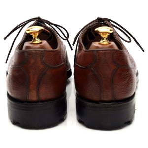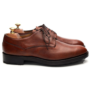 Edward Green manufactured for Guerresco Cortina plain toe derby in tan brown grain antique calf. In excellent used condition, showing minor signs of wear.
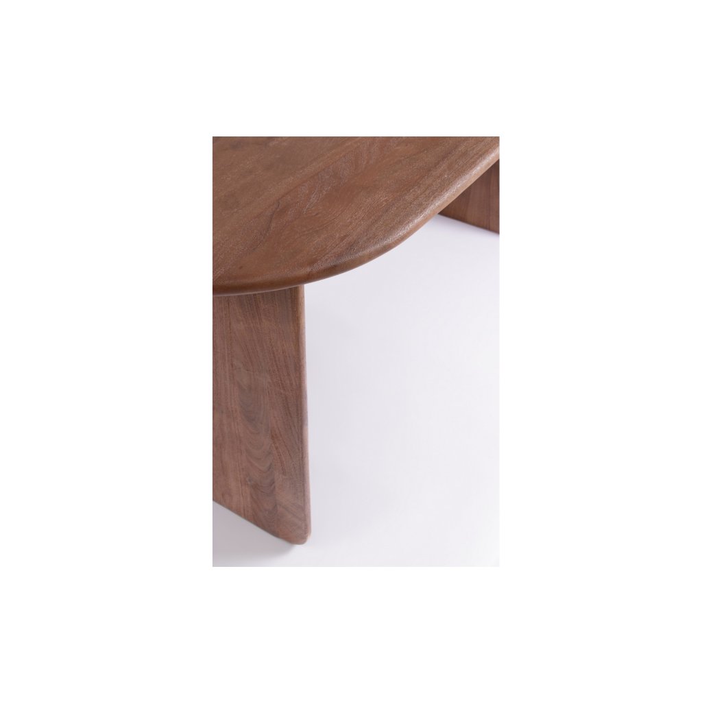 Stůl NAYANA skvěle zapadne do přírodně laděných, rustikálních, boho nebo skandinávských interiérů. Ladí s jídelními židlemi s dřevěným nebo čalouněným sedákem, ale i s kombinací různých materiálů nebo buklé textiliemi. Doplňte ho přírodním běhounem, keramickými vázami, kameninovým nádobím nebo textiliemi v teplých zemitých tónech, které podtrhnou charakter dřeva.
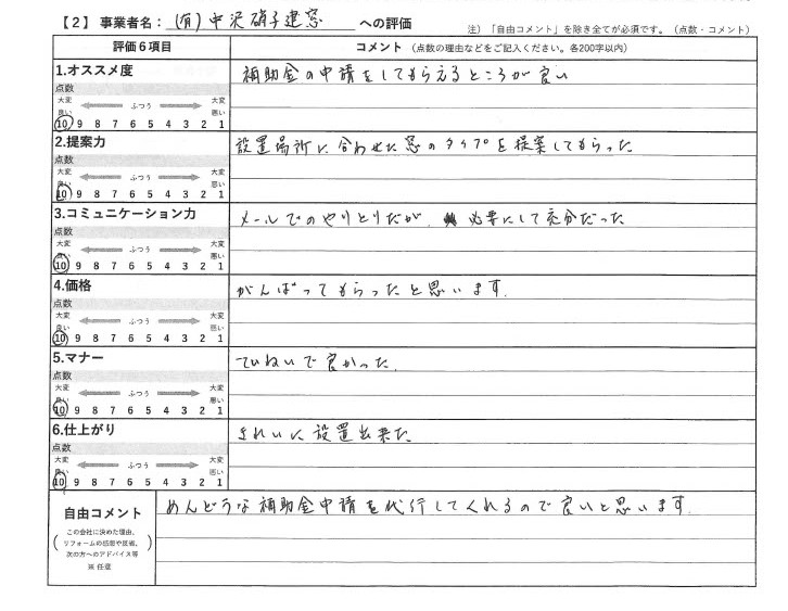 事業者の方はこちらからご覧ください トップへ戻る HOMEお客様の声お客様の声 お客様の声 1.オススメ度 5(良い)点補助金の申請をしてもらえるところが良い。 2.提案力 5(良い)点設置場所に合わせた窓のタイプを提案してもらった。 3.コミニュケーション力 5(良い)点メールでのやりとりだが、必要にして充分だった。 4.価格 5(良い)点がんばってもらったと思います。 5.マナー 5(良い)点ていねいで良かった。 6.仕上がり 5(良い)点きれいに設置出来た。 7.自由コメント めんどうな補助金申請を代行してくれるので良いと思います。 お客様の声一覧はこちら 中沢硝子建窓について 選ばれる理由 マドリモは私が考えました 会社案内 交換費用 交換費用一覧 窓 内窓 ドア エクステリア シャッターなど バルコニー、サンルーム 浴室ドア 施工事例 施工事例一覧 集合住宅の窓 戸建て 窓 ガラス交換 浴室折れ戸 窓 内窓 ドア エクステリア シャッター バルコニー、サンルーム その他 お客様の声 お客様の声一覧 窓リフォームコラム 窓リフォームコラム一覧 NEW補助金 目黒区 世田谷区 葛飾区 足立区 補助金 今井さんの窓日記 内科医が解説!窓コラム 窓リフォームコラム 今日の下見・契約・作業内容 ご挨拶 現場日記 その他 ドアリフォーム お役立ち情報 窓ペディア(窓リフォームの百科事典) 窓のリフォーム補助金一覧~最新情報~ 窓リフォームの補助金・助成金 動画の紹介 事業者様へ 賃貸オーナー、アパート大家様へ マンションの管理組合の方へ マンション・アパート玄関ドアリフォーム よくある質問 リフォームの流れ 写真を送るだけでオンライン見積もり オンライン相談 お問い合わせ お問い合わせ 無料お見積もり
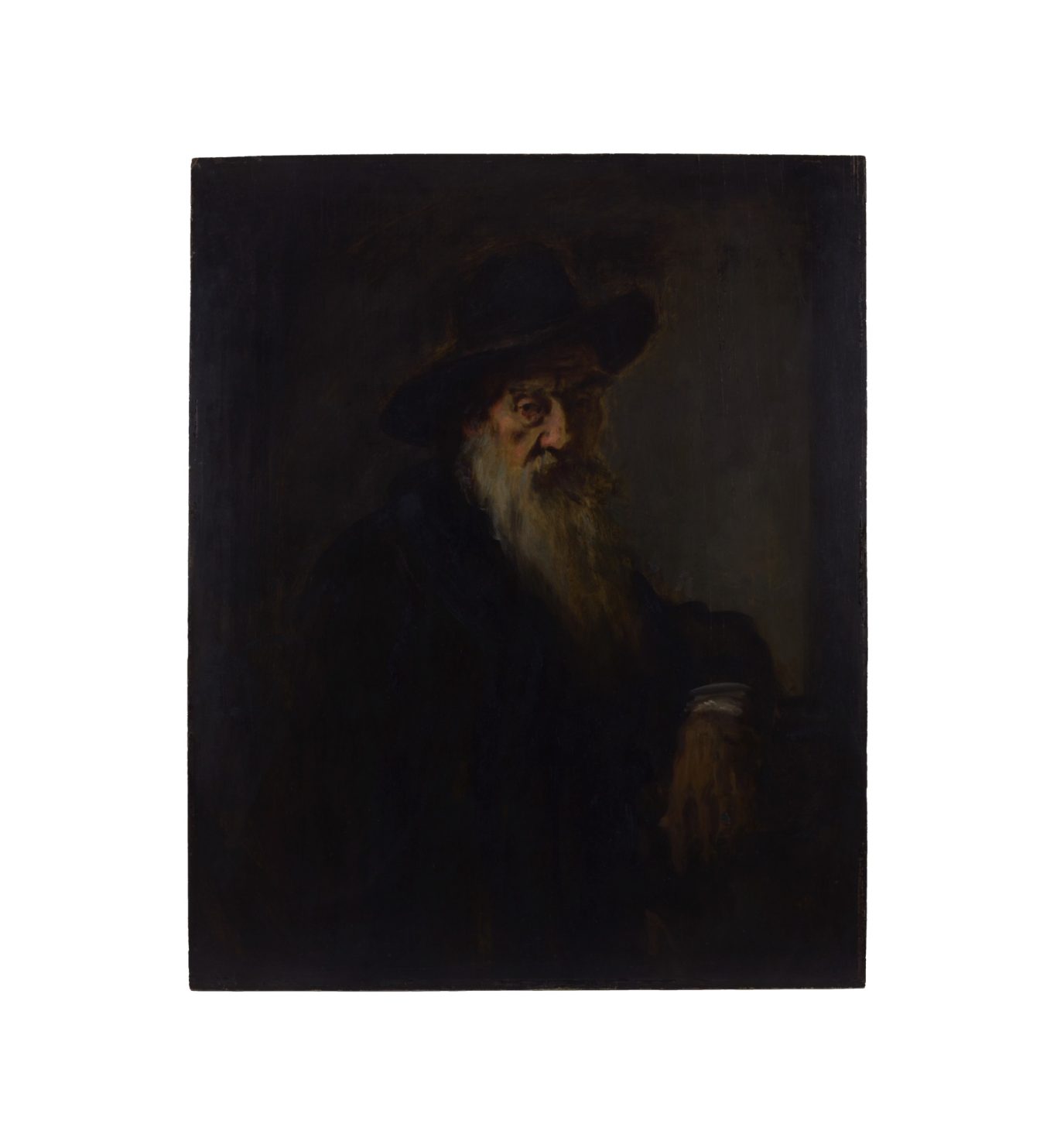 Leo Samberger, Portrait of Julius Frank, 1898, oil on wood, signed lower right "Leo Samberger", 97 x 79.5 cm, framed (frame currently being restored), inscribed (verso) i. a. „Leo Samberger fec“ and „biblischer Historienmaler Julius Frank“.

◆ **Exercise**:
The answer must consist solely of the lines from the line containing "事業者の方はこちらからご覧ください トップへ戻る HOMEお客様の声お客様の声" to the end of the data, reproduced exactly, with every picture left out.

◆ **Task result**:
 事業者の方はこちらからご覧ください トップへ戻る HOMEお客様の声お客様の声 お客様の声 1.オススメ度 5(良い)点補助金の申請をしてもらえるところが良い。 2.提案力 5(良い)点設置場所に合わせた窓のタイプを提案してもらった。 3.コミニュケーション力 5(良い)点メールでのやりとりだが、必要にして充分だった。 4.価格 5(良い)点がんばってもらったと思います。 5.マナー 5(良い)点ていねいで良かった。 6.仕上がり 5(良い)点きれいに設置出来た。 7.自由コメント めんどうな補助金申請を代行してくれるので良いと思います。 お客様の声一覧はこちら 中沢硝子建窓について 選ばれる理由 マドリモは私が考えました 会社案内 交換費用 交換費用一覧 窓 内窓 ドア エクステリア シャッターなど バルコニー、サンルーム 浴室ドア 施工事例 施工事例一覧 集合住宅の窓 戸建て 窓 ガラス交換 浴室折れ戸 窓 内窓 ドア エクステリア シャッター バルコニー、サンルーム その他 お客様の声 お客様の声一覧 窓リフォームコラム 窓リフォームコラム一覧 NEW補助金 目黒区 世田谷区 葛飾区 足立区 補助金 今井さんの窓日記 内科医が解説!窓コラム 窓リフォームコラム 今日の下見・契約・作業内容 ご挨拶 現場日記 その他 ドアリフォーム お役立ち情報 窓ペディア(窓リフォームの百科事典) 窓のリフォーム補助金一覧~最新情報~ 窓リフォームの補助金・助成金 動画の紹介 事業者様へ 賃貸オーナー、アパート大家様へ マンションの管理組合の方へ マンション・アパート玄関ドアリフォーム よくある質問 リフォームの流れ 写真を送るだけでオンライン見積もり オンライン相談 お問い合わせ お問い合わせ 無料お見積もり
 Leo Samberger, Portrait of Julius Frank, 1898, oil on wood, signed lower right "Leo Samberger", 97 x 79.5 cm, framed (frame currently being restored), inscribed (verso) i. a. „Leo Samberger fec“ and „biblischer Historienmaler Julius Frank“.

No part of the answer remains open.